Toole was born in South Melville, Prince Edward Island, the daughter of Peter Toole and Byna Malone.

==Career==
Toole won her first provincial mixed title in 1966, throwing third stones on the Doug Bell rink. The team represented Prince Edward Island at the 1966 Canadian Mixed Curling Championship. At the Canadian Mixed, the team finished with a 3–7 record.

In 1967, Toole won her first provincial women's championship, throwing third rocks on the Elizabeth MacDonald rink. The team represented the island at the 1967 Diamond D Championship, where they finished with a 2–7 record. Toole won her second provincial mixed title that year, playing third for Allan Smith. Prince Edward Island finished with a 4–6 record at the 1967 Canadian Mixed.

In 1969, Toole won her second provincial women's championship, skippig a rink of Jennie Boomhower, Mary Acorn and Pauline Johnston. At the 1969 Canadian Ladies Curling Association Championship, the team "surprised many", by finishing with a 6–3 record, and finishing in third place.

In 1970, Toole won her third provincial women's title, with teammates Boomhower, Cathy Dillon and Johnston. They represented the province at the 1970 Canadian Ladies Curling Association Championship, where they finished with a 4–5 record. In 1971, Toole with the same team won her fourth provincial championship, and third in a row. At the 1971 Canadian Ladies Curling Association Championship, she led PEI to a 5–4 record, tied for fourth. The team won another provincial title in 1972, and finished with a 5–4 record again at the 1972 Macdonald Lassies Championship.

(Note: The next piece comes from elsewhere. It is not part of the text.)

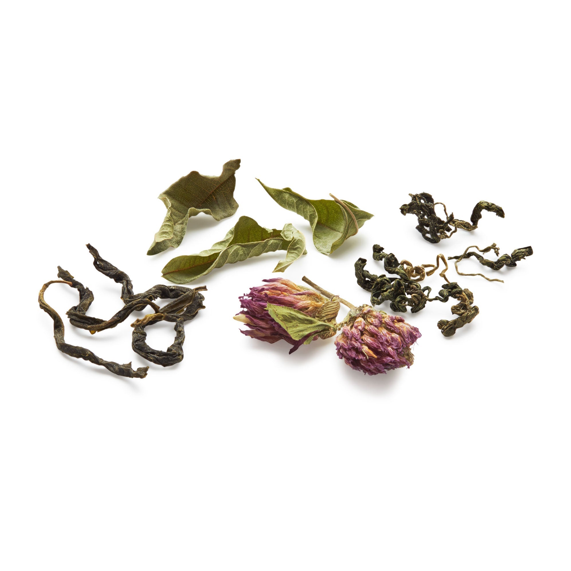 An unforgettable blend of ancient and wild Green Tea Leaves, Red Clover Blossoms, Lemon Verbena, and Gynostemma Vine. Meaningful Green is exceptionally smooth, with floral, lemon, and sweet nut tones, followed by a refreshing and clean finish.

In 1973, Toole won her third provincial mixed championship, throwing third rocks for the Doug Cameron team. The team represented Prince Edward Island at the 1973 Canadian Mixed Championship, The team finished the tournament with a 5–5 record.

In 1974, Toole with her team of Boomhower, Dillon and Johnston won her sixth title, and fourth with that line up. At the 1974 Macdonald Lassies Championship, Toole led Prince Edward Island to a second-place finish, with a 7–2 record. Their success at the "Lassie" was considered to be "[t]he surprise of the week".

==Personal life==
In addition to curling, Toole was a keen golfer. She served Secretary/Treasurer of the PEI Ladies Curling Association from 1962 to 1964 and as president of the Charlottetown Ladies Curling Club in 1973–74. She was inducted into the Prince Edward Island Curling Hall of Fame in 2008.

Toole died in 2021 at the Mount Continuing Care Community in Charlottetown.